Maternal Depression On-Line

Maternal Depression Online is ready and is seeking participants. Please visit: https://www.onlinetherapyuser.ca/

  • Maternal Depression On-line is designed to treat women who experience depressive symptoms that occur within 1 year after childbirth. The program teaches strategies to overcome maternal depression based on cognitive behaviour therapy (CBT).
  • Maternal Depression On-line contains 7 modules, and it is recommended that clients spend 1 week on each module. Modules consist of CBT materials that are accessed on-line, as well as activities that are to be completed off-line. With the suggested time frame, clients can complete Maternal Depression On-line in a 7 week period.
  • Maternal Depression On-line is therapist-assisted. Prior to beginning a new module, clients will be asked to send examples from the weekly exercises to their therapist through the website. The therapist will review the client’s progress and address any concerns. Clients can also email their therapist to receive additional guidance and assistance. Clients can contact their therapist when they like, and their therapist will respond once weekly by e-mail over the 7 weeks of treatment.
  • Maternal Depression On-line is currently provided to women at no cost. Clients are asked to complete questionnaires before and after they finish the program.
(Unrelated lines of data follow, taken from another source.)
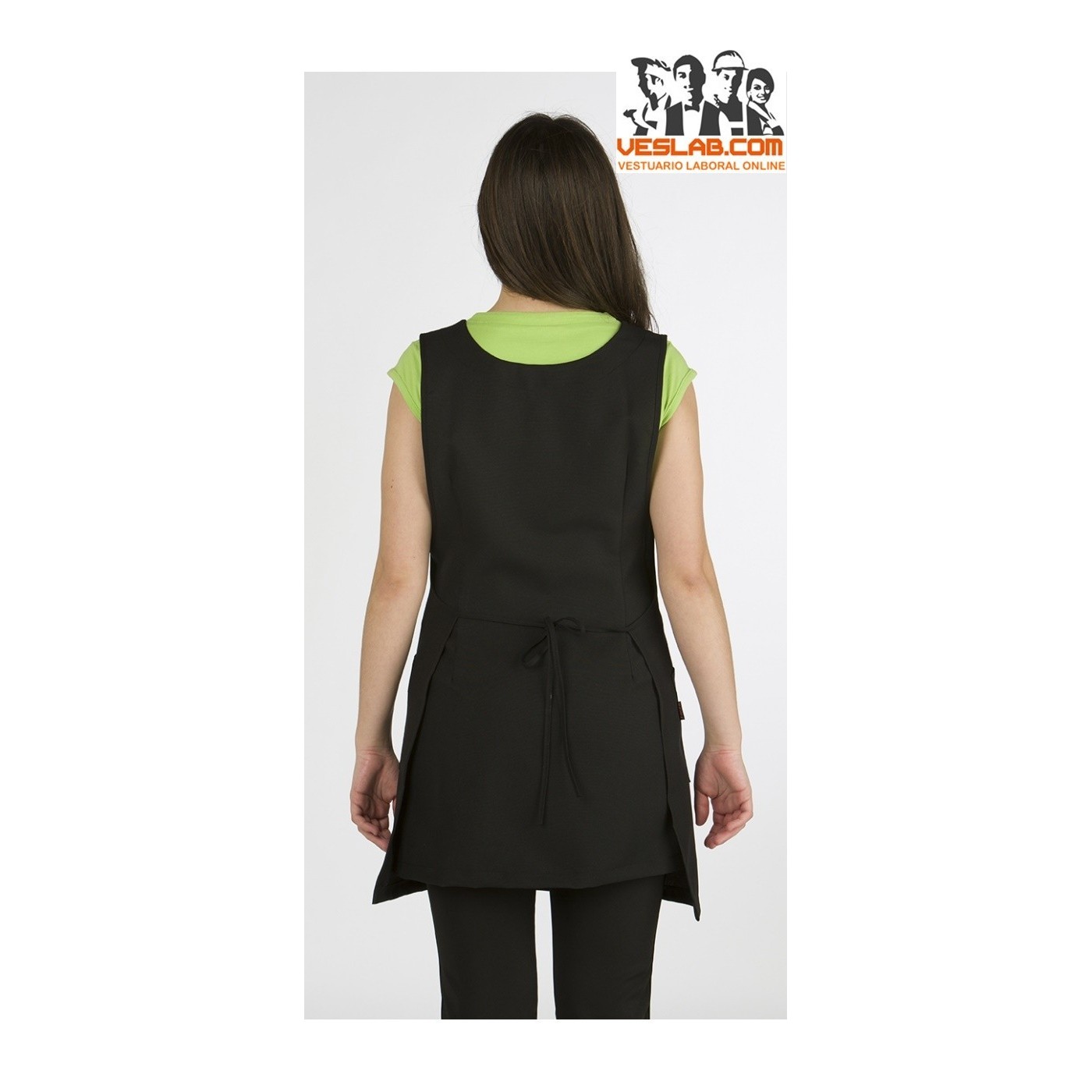 Étole à encolure en V, devant avec lisières et poches, pièce centrale avec passants de ceinture colorés avec boutons, dos avec pince à épiler, emmanchures garnies de vif, ajustement de la taille avec des rubans croisés dans le dos et noeud à la taille.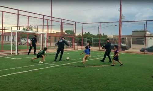 Durante la semana, en el deportivo de la Calle 39, ubicado en colonia Santa Cecilia, Policías Estatales platicaron con los vecinos del sector y bajaron de las patrullas para ingresar al campo de futbol donde convivieron con niñas y niños de la comunidad.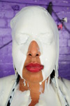 She begins by filling her shorts with Devon Dream, then completely coats her beautiful boots, drenches and fills her top and breasts, gives her beautiful jet black hair a very creamy shampoo, and finishes off with a full cream facial.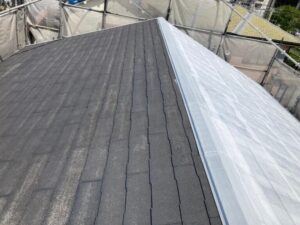 スレート系屋根や金属屋根で多く見られるのが、棟板金(屋根の頂点の板金部)の浮きや外れ、釘の抜けです。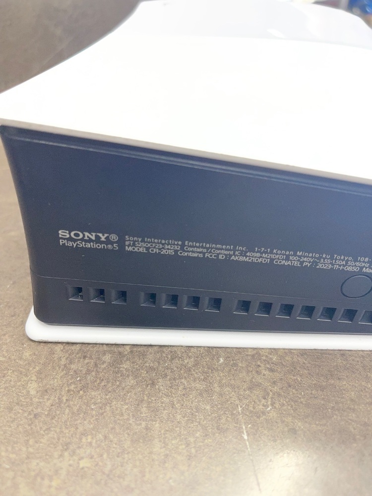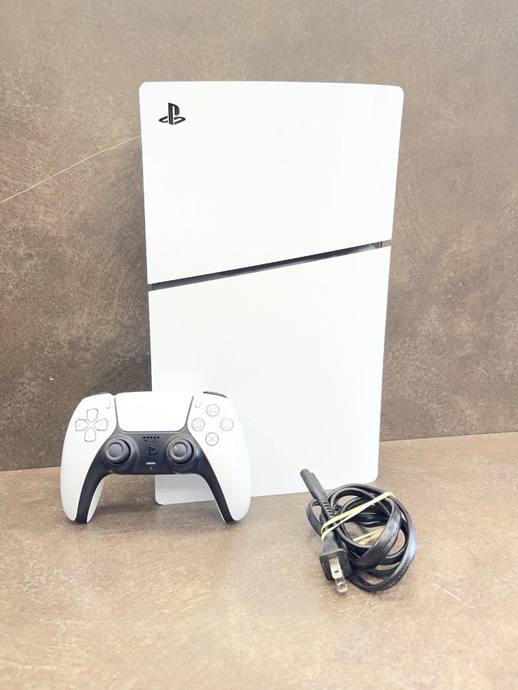 For sale we have a Sony PS5 Slim digital in good condition, with some marks and scuffs from every day use as shown in pictures. Comes with 1 controller and power cable, no HDMI. If you have any questions before purchasing please let us know.

For more information about this program, please call or email Nicole Pugh at (306) 585-5369 or pugh200n@uregina.ca

Online Therapy Unit for Service, Education, and Research

The Online Therapy Unit is a free and confidential online mental health service, led by Dr. Heather Hadjistavropoulos from the University of Regina. It is dedicated to increasing access to safe and effective treatment for depression and anxiety for Saskatchewan residents. This includes women who are struggling with postpartum depression.

Client work through the material from the comfort of their own home in privacy. This service makes use of online therapy programs that were initially developed by the Centre for Emotional Health at Macquarie University in Sydney Australia.